◆ **Task goal**
Starting at the top of the listing, extract every line up to and including the one with "Cảnh sát giao". Pictures stay out of the copy.

◆ **Task data**
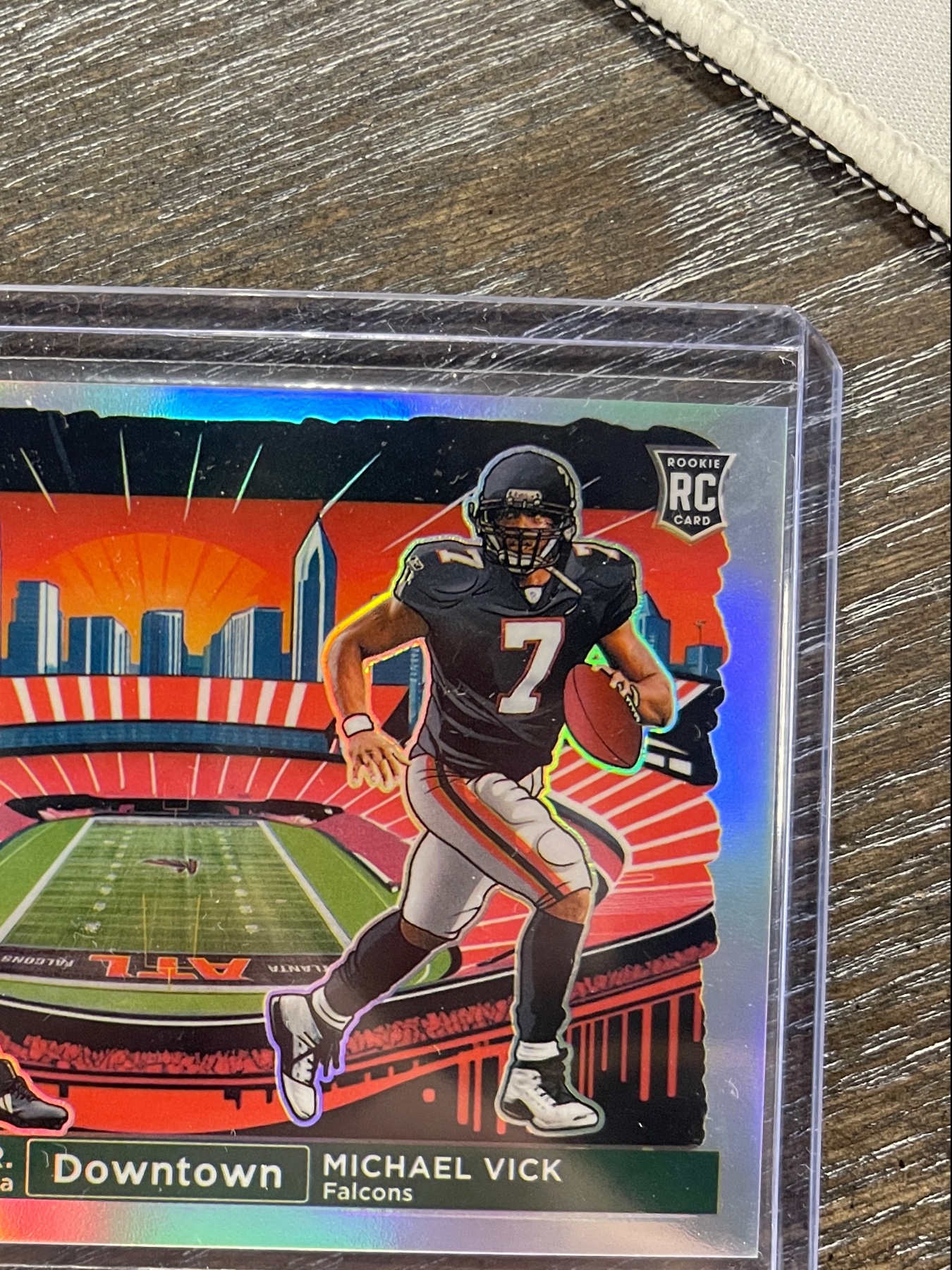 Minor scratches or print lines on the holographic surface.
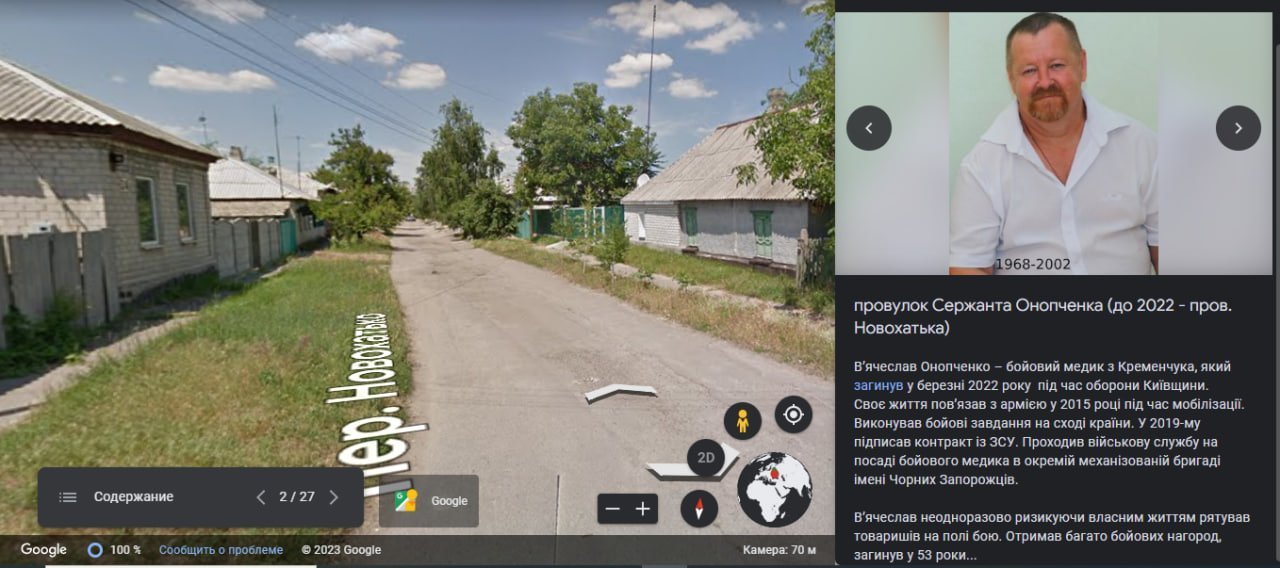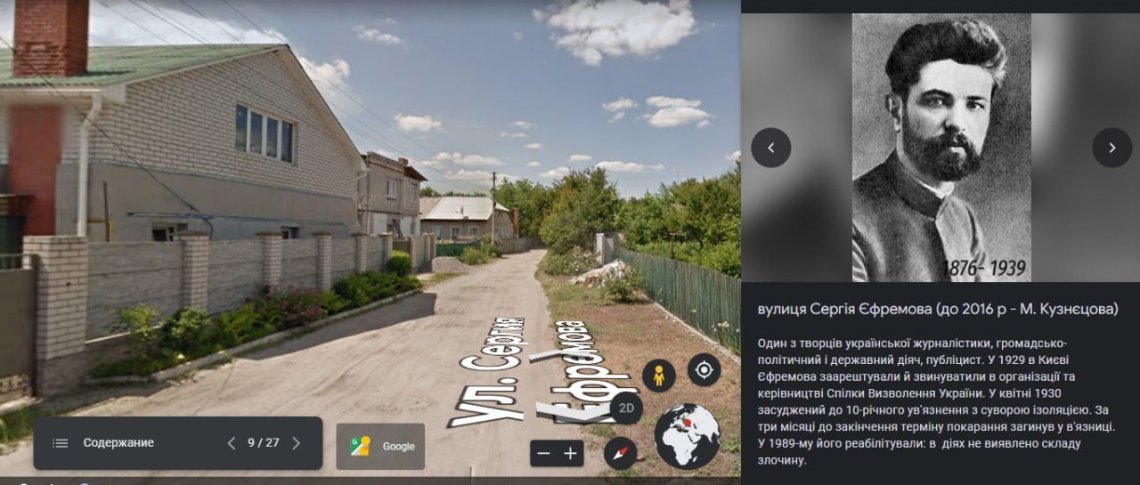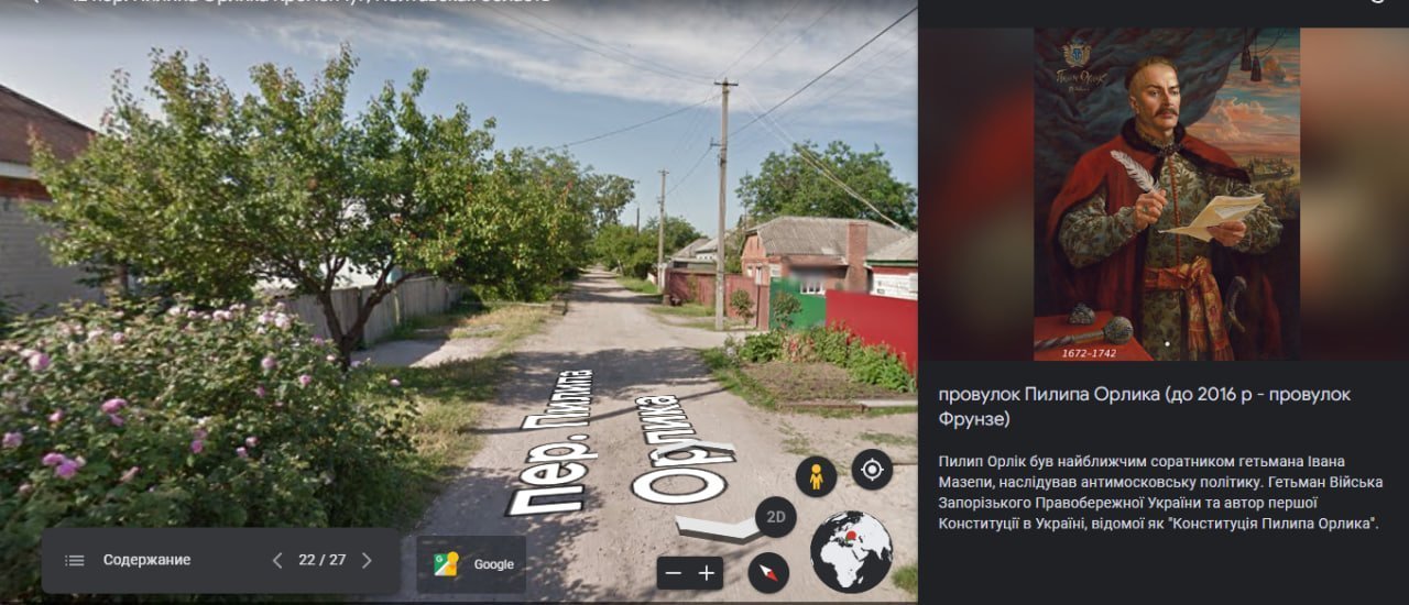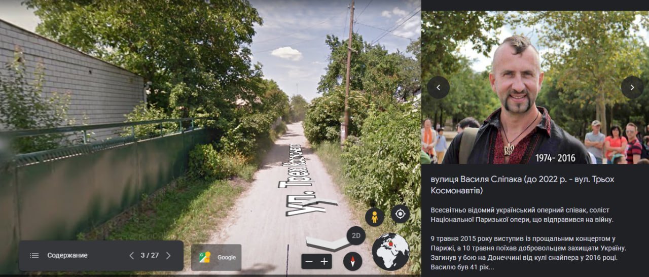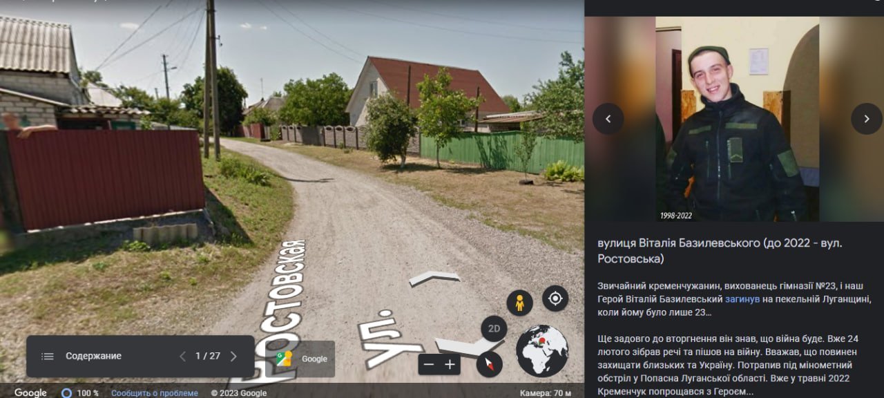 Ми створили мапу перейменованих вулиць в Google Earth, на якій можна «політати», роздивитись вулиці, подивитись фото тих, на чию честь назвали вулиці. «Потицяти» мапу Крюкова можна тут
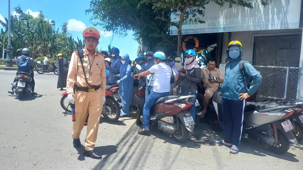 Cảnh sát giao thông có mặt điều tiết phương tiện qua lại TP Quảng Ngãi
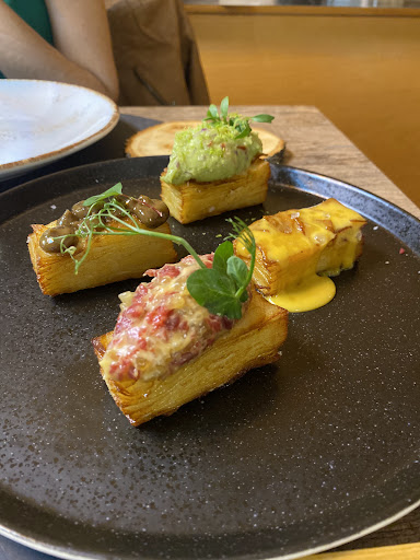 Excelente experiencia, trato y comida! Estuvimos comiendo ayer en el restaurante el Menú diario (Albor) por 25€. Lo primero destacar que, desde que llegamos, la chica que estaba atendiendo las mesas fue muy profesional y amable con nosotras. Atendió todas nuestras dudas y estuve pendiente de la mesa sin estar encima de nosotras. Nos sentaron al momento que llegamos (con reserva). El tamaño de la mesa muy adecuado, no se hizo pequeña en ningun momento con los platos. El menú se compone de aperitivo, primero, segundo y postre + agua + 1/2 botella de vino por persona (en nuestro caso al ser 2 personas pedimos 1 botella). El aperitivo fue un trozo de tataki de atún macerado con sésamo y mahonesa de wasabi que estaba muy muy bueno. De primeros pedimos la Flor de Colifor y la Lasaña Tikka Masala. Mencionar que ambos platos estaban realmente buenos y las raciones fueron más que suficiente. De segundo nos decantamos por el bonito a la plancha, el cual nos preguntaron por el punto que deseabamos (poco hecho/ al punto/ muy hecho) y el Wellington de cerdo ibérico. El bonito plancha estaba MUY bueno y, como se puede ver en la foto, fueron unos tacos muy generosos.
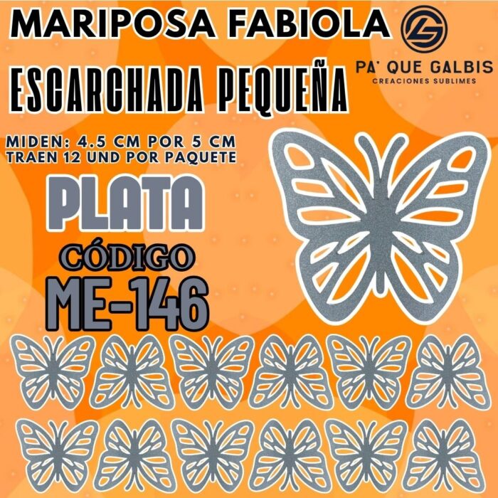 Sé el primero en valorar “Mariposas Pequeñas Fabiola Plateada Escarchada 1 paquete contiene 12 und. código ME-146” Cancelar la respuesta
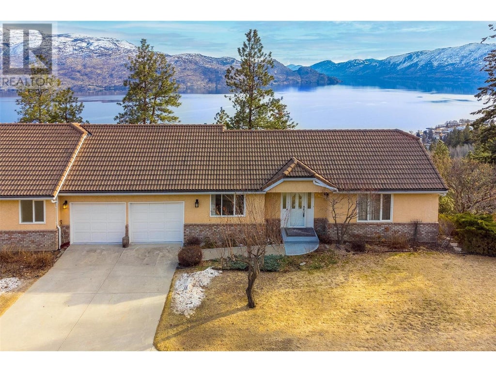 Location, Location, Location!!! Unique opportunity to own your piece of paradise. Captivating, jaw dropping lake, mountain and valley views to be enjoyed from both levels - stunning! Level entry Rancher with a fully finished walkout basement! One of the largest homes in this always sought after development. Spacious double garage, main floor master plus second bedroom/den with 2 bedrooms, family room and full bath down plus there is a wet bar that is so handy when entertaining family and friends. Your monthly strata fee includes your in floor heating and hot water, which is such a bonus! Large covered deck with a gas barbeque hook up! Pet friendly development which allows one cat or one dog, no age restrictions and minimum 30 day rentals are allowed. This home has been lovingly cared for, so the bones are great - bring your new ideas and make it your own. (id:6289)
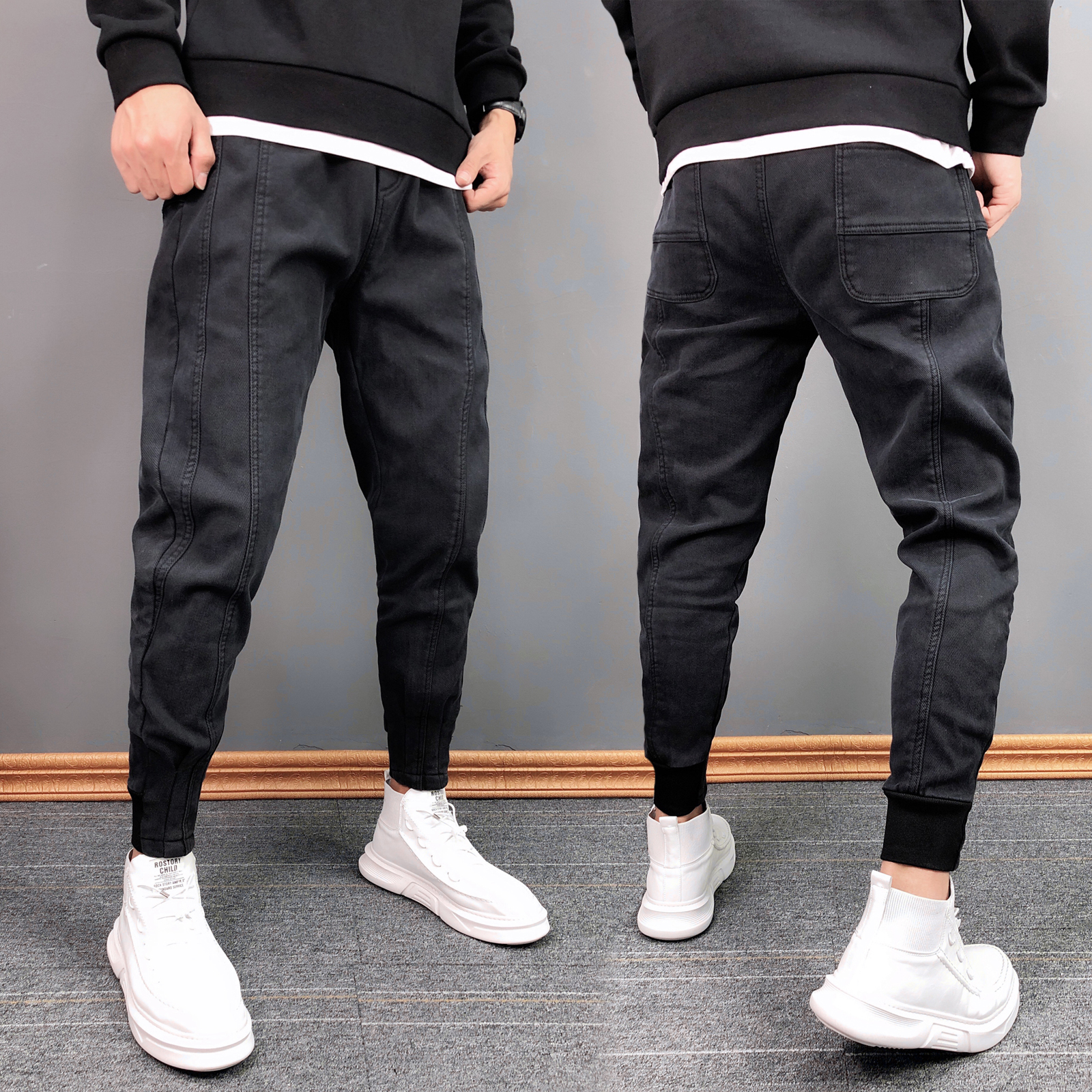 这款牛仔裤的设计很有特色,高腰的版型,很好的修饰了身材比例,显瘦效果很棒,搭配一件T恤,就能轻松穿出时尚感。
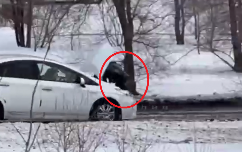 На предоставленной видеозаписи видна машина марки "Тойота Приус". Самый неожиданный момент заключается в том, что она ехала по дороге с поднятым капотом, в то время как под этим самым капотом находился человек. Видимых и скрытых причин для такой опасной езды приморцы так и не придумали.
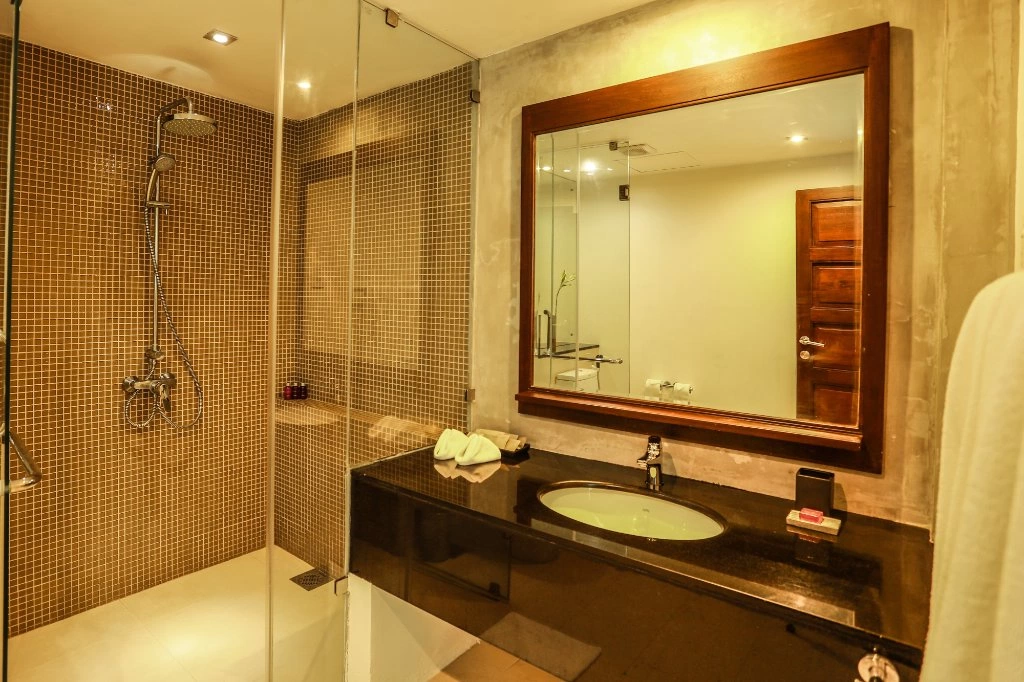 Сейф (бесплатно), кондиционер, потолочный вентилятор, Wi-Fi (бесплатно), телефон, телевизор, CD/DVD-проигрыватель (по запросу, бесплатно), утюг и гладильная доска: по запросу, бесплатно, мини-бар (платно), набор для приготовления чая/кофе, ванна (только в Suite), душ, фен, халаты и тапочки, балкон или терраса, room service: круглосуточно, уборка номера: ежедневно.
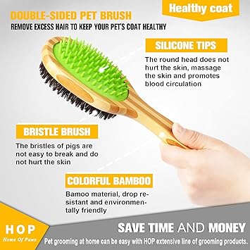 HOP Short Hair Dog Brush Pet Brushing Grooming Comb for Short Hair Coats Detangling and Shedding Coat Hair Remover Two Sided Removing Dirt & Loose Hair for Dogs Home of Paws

◆ **The completed task**
 Minor scratches or print lines on the holographic surface.
 Ми створили мапу перейменованих вулиць в Google Earth, на якій можна «політати», роздивитись вулиці, подивитись фото тих, на чию честь назвали вулиці. «Потицяти» мапу Крюкова можна тут
 Cảnh sát giao thông có mặt điều tiết phương tiện qua lại TP Quảng Ngãi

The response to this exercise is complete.